**What you are asked to do**
Your task is to copy the stretch of lines in the records below that begins with the line containing "Modern Printed Hand" and ends with the line containing "These earrings make", exactly as written, with nothing added.

**Data supplied**
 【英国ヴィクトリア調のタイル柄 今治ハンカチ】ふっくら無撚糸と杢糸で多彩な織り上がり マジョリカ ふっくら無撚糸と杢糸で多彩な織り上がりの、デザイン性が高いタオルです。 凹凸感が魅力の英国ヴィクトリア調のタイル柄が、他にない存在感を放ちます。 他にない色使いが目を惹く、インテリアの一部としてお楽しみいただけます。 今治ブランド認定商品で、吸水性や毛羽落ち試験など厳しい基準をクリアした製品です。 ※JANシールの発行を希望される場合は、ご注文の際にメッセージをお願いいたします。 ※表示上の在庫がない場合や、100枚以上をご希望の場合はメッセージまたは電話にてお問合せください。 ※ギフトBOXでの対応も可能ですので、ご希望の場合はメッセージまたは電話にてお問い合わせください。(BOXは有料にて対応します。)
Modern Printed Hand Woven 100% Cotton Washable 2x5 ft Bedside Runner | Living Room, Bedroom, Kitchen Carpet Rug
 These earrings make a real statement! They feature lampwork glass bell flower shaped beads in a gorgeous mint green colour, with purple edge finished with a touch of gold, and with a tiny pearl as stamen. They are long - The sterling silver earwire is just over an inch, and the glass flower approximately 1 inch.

...

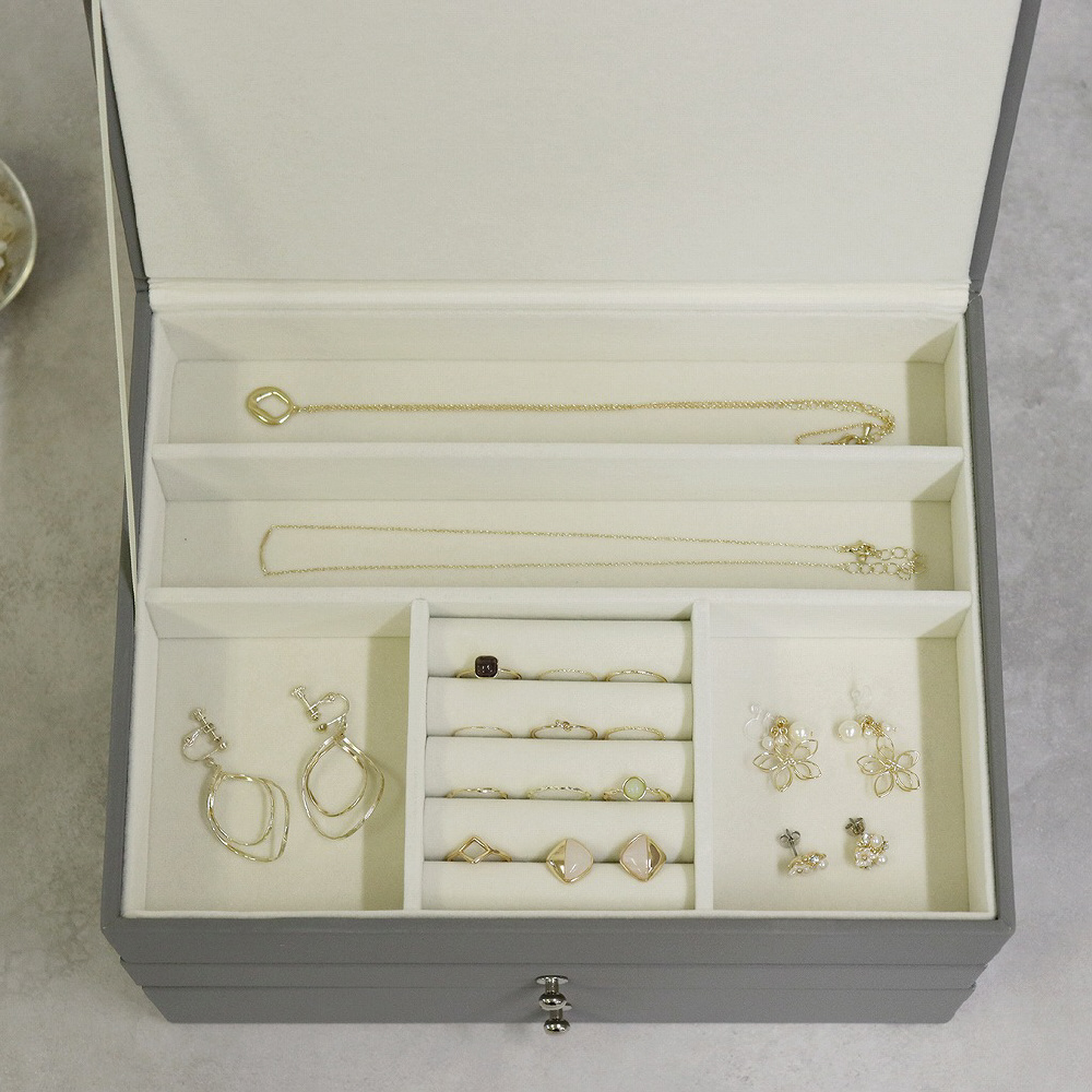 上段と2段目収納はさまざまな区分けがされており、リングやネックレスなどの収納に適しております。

**Exercise response**
Modern Printed Hand Woven 100% Cotton Washable 2x5 ft Bedside Runner | Living Room, Bedroom, Kitchen Carpet Rug
 These earrings make a real statement! They feature lampwork glass bell flower shaped beads in a gorgeous mint green colour, with purple edge finished with a touch of gold, and with a tiny pearl as stamen. They are long - The sterling silver earwire is just over an inch, and the glass flower approximately 1 inch.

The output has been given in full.